Video Transcription, first not random submission

Hi everyone,

I upgraded my Work in progress Notebook, as I managed to make a first submission for the puzzle “Video transcription”. The strategy is:

  • capture images from each video;

  • transform each image into a 8x8 matrix, using the same model (from chess Kaggle) built for Chess Configuration problem (without the FEN Notation part)

  • compare matrices of 2 successive pictures (of the same video) in order to highlight moves.

I was happy :blush: to successfully develop this, but quite disappointed :disappointed_relieved: with the accuracy result (1.12 on leaderboard test dataset). I noticed that I sometimes missed the last move (maybe because missing the last view/image of the video), but there are probably other things (upgrade pawn for instance) to improve.

If some of you have time to look at my solution and share comments, feel free, it will be really appreciated. It could also be a starting point for new participants.


Quick update, there was a mistake with submission order.
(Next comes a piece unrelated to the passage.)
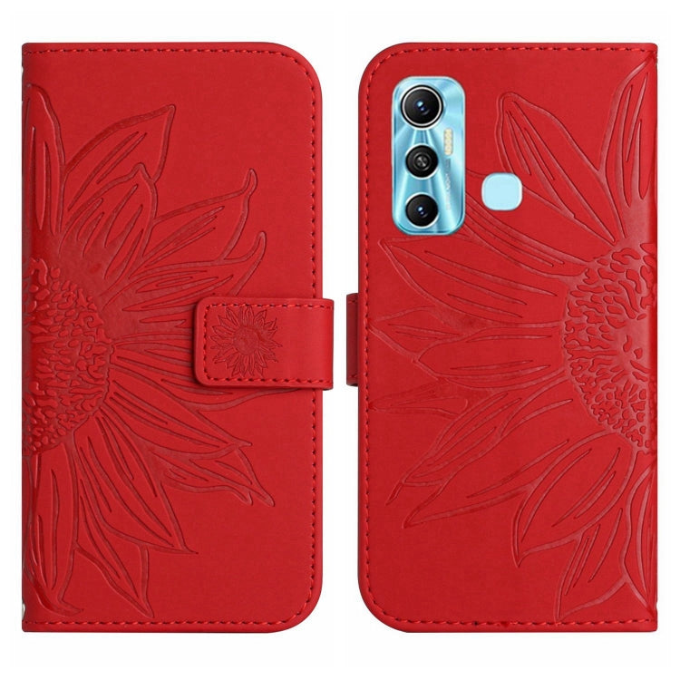 Funda Flip de Cuero para Infinix Hot 11 con Cordón y Diseño Sun Flower (Rojo)

I ordered with the column VideoID, which is a string (and not numeric), meaning, for instance, that “1999.jpg” is before “999.jpg”. Fixing this, the WER down to 0.012!

I’m finally satisfy with this solution :slight_smile:


Hey there, I am really glad that you were able to solve this problem mate! thank you for adding value to this community for sharing this :’)

Checked out the notebook. Great work with Keras!!